--- PROVIDED DATA ---

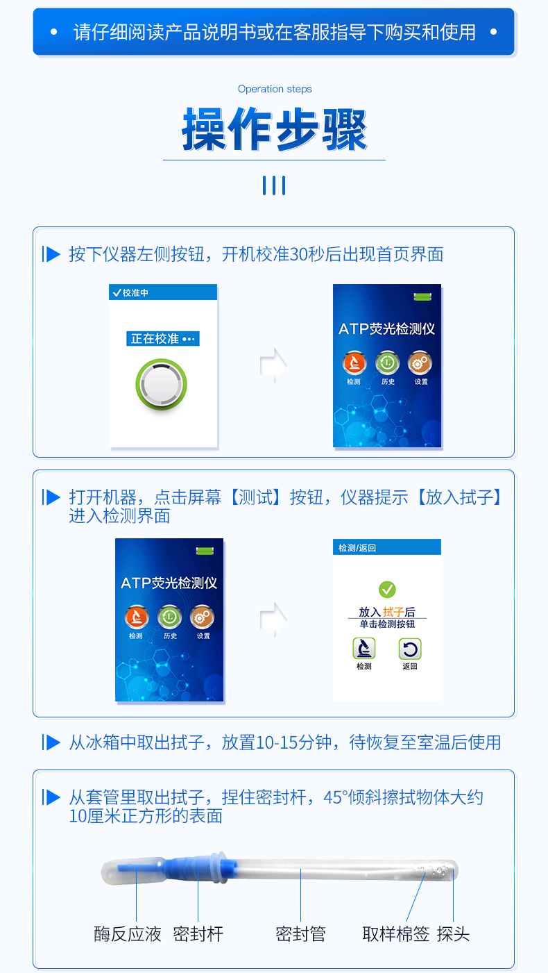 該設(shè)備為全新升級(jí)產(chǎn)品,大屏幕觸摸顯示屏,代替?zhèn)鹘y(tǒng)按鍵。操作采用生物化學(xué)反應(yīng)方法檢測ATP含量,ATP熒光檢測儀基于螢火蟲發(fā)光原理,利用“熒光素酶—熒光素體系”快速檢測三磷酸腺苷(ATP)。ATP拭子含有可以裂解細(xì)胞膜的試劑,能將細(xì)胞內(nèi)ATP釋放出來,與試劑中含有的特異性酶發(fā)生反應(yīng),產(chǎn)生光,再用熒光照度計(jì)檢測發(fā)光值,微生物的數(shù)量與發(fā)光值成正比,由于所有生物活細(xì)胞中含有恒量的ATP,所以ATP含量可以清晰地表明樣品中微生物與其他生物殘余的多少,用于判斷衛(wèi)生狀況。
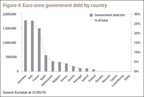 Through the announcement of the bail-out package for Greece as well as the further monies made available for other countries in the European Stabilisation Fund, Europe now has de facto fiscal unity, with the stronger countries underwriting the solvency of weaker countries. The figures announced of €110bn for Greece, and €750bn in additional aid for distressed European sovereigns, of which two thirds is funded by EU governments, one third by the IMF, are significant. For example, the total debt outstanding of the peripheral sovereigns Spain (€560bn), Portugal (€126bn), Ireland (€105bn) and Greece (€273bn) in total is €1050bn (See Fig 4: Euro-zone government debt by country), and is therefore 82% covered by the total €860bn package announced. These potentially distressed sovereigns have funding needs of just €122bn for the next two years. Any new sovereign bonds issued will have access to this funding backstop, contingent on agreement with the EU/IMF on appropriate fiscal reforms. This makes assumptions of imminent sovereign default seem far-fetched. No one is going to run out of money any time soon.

---
--- PROVIDED DATA ---

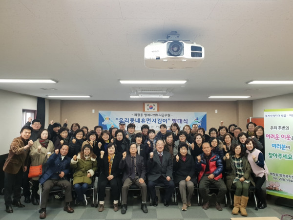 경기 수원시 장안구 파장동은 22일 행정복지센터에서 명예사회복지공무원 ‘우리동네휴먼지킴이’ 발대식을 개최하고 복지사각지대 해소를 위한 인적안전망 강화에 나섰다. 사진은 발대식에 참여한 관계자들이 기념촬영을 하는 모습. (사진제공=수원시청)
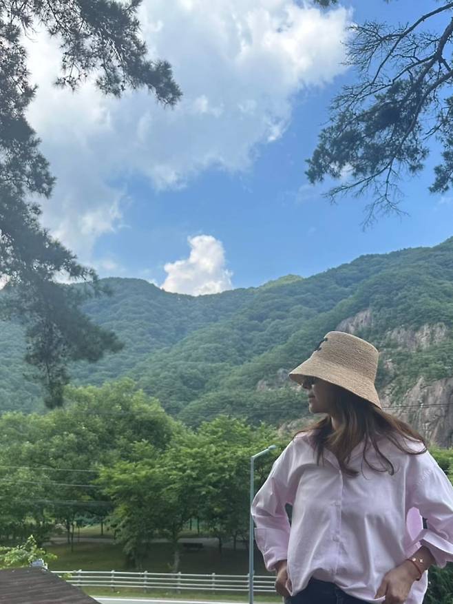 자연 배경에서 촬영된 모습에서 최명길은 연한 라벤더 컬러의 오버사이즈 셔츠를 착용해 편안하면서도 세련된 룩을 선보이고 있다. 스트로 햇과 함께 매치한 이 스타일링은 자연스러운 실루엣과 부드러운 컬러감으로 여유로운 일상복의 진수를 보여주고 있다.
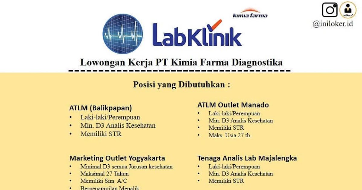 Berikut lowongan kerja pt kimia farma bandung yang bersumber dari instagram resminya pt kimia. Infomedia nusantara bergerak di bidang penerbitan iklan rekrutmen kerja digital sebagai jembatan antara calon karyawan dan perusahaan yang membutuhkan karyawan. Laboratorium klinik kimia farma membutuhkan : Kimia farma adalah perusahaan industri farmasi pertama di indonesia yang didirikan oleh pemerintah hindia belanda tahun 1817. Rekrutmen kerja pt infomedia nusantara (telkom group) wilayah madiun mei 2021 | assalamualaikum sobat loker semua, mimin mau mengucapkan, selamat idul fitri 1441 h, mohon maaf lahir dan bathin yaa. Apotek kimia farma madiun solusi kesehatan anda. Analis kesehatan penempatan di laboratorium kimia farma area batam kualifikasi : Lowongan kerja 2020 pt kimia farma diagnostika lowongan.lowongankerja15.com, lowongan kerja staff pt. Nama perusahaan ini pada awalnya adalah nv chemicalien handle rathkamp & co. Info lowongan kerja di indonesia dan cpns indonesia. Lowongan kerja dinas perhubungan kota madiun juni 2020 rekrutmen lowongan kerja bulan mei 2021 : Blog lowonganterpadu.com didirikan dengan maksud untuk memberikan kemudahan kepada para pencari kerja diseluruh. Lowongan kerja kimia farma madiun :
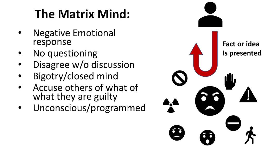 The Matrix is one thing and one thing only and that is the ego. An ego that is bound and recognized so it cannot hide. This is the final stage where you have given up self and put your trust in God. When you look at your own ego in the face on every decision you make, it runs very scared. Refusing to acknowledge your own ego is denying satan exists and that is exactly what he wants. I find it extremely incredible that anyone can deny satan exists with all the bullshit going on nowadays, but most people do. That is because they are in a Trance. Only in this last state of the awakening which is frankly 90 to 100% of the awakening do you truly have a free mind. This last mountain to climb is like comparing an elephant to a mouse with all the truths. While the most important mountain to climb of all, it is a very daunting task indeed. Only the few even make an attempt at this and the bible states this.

---

PROBLEM TO SOLVE: Exact repeat of the material above: every line from the one with "경기 수원시 장안구 파장동은" through the one with "Berikut lowongan kerja", endpoints included, and nothing more. No pictures.

RESPONSE:
 경기 수원시 장안구 파장동은 22일 행정복지센터에서 명예사회복지공무원 ‘우리동네휴먼지킴이’ 발대식을 개최하고 복지사각지대 해소를 위한 인적안전망 강화에 나섰다. 사진은 발대식에 참여한 관계자들이 기념촬영을 하는 모습. (사진제공=수원시청)
 자연 배경에서 촬영된 모습에서 최명길은 연한 라벤더 컬러의 오버사이즈 셔츠를 착용해 편안하면서도 세련된 룩을 선보이고 있다. 스트로 햇과 함께 매치한 이 스타일링은 자연스러운 실루엣과 부드러운 컬러감으로 여유로운 일상복의 진수를 보여주고 있다.
 Berikut lowongan kerja pt kimia farma bandung yang bersumber dari instagram resminya pt kimia. Infomedia nusantara bergerak di bidang penerbitan iklan rekrutmen kerja digital sebagai jembatan antara calon karyawan dan perusahaan yang membutuhkan karyawan. Laboratorium klinik kimia farma membutuhkan : Kimia farma adalah perusahaan industri farmasi pertama di indonesia yang didirikan oleh pemerintah hindia belanda tahun 1817. Rekrutmen kerja pt infomedia nusantara (telkom group) wilayah madiun mei 2021 | assalamualaikum sobat loker semua, mimin mau mengucapkan, selamat idul fitri 1441 h, mohon maaf lahir dan bathin yaa. Apotek kimia farma madiun solusi kesehatan anda. Analis kesehatan penempatan di laboratorium kimia farma area batam kualifikasi : Lowongan kerja 2020 pt kimia farma diagnostika lowongan.lowongankerja15.com, lowongan kerja staff pt. Nama perusahaan ini pada awalnya adalah nv chemicalien handle rathkamp & co. Info lowongan kerja di indonesia dan cpns indonesia. Lowongan kerja dinas perhubungan kota madiun juni 2020 rekrutmen lowongan kerja bulan mei 2021 : Blog lowonganterpadu.com didirikan dengan maksud untuk memberikan kemudahan kepada para pencari kerja diseluruh. Lowongan kerja kimia farma madiun :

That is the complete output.